The nervous smile slipped from Susan’s face as if slapped away. She felt tears, always close at the mere mention of her da’s name, burn at the back of her eyes. But she would not let them fall. Not in this heartless old crow’s sight, she wouldn’t.

“Let our business be quick and be done,” she said in a dry voice that was far from her usual one; that voice was usually cheery and merry and ready for fun. But she was Pat Delgado’s child, daughter of the best drover ever to work the Western Drop, and she remembered his face very well; she could rise to a stronger nature if required, as it now clearly was.
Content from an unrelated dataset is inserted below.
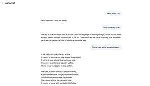 Úložiště GitHub: Mnohem podrobnější a technický návod: Příklad konverzace se 4hodinovým nanochatem za 100 $ ve WebUI. Je to... Zábavné :) Větší modely (např. 12hodinová hloubka 26 nebo 24hodinová hloubka 30) se rychle stávají koherentnějšími.

The old woman had meant to reach out and scratch as deep as she could, and the more she saw that her efforts were succeeding, the more she would redouble them.

The hag, meanwhile, was watching Susan shrewdly, her bunch-knuckled hands planted on her hips while her cat twined around her ankles. Her eyes were rheumy, but Susan saw enough of them to realize they were the same gray-green shade as the cat’s eyes, and to wonder what sort of fell magic that might be. She felt an urge—a strong one—to drop her eyes, and would not. It was all right to feel fear, but sometimes a very bad idea to show it.

“You look at me pert, missy,” Rhea said at last. Her smile was dissolving slowly into a petulant frown.

“Nay, old mother,” Susan replied evenly. “Only as one who wishes to do the business she came for and be gone. I have come here at the wish of My Lord Mayor of Mejis, and at that of my Aunt Cordelia, sister of my father. My dear father, of whom I would hear no ill spoken.”

“I speak as I do,” the old woman said. The words were dismissive, yet there was a trace of fawning servility in the hag’s voice. Susan set no importance on that; it was a tone such a thing as this had probably adopted her whole life, and came as automatically as breath. “I’ve lived alone a long time, with no mistress but myself, and once it begins, my tongue goes where it will.”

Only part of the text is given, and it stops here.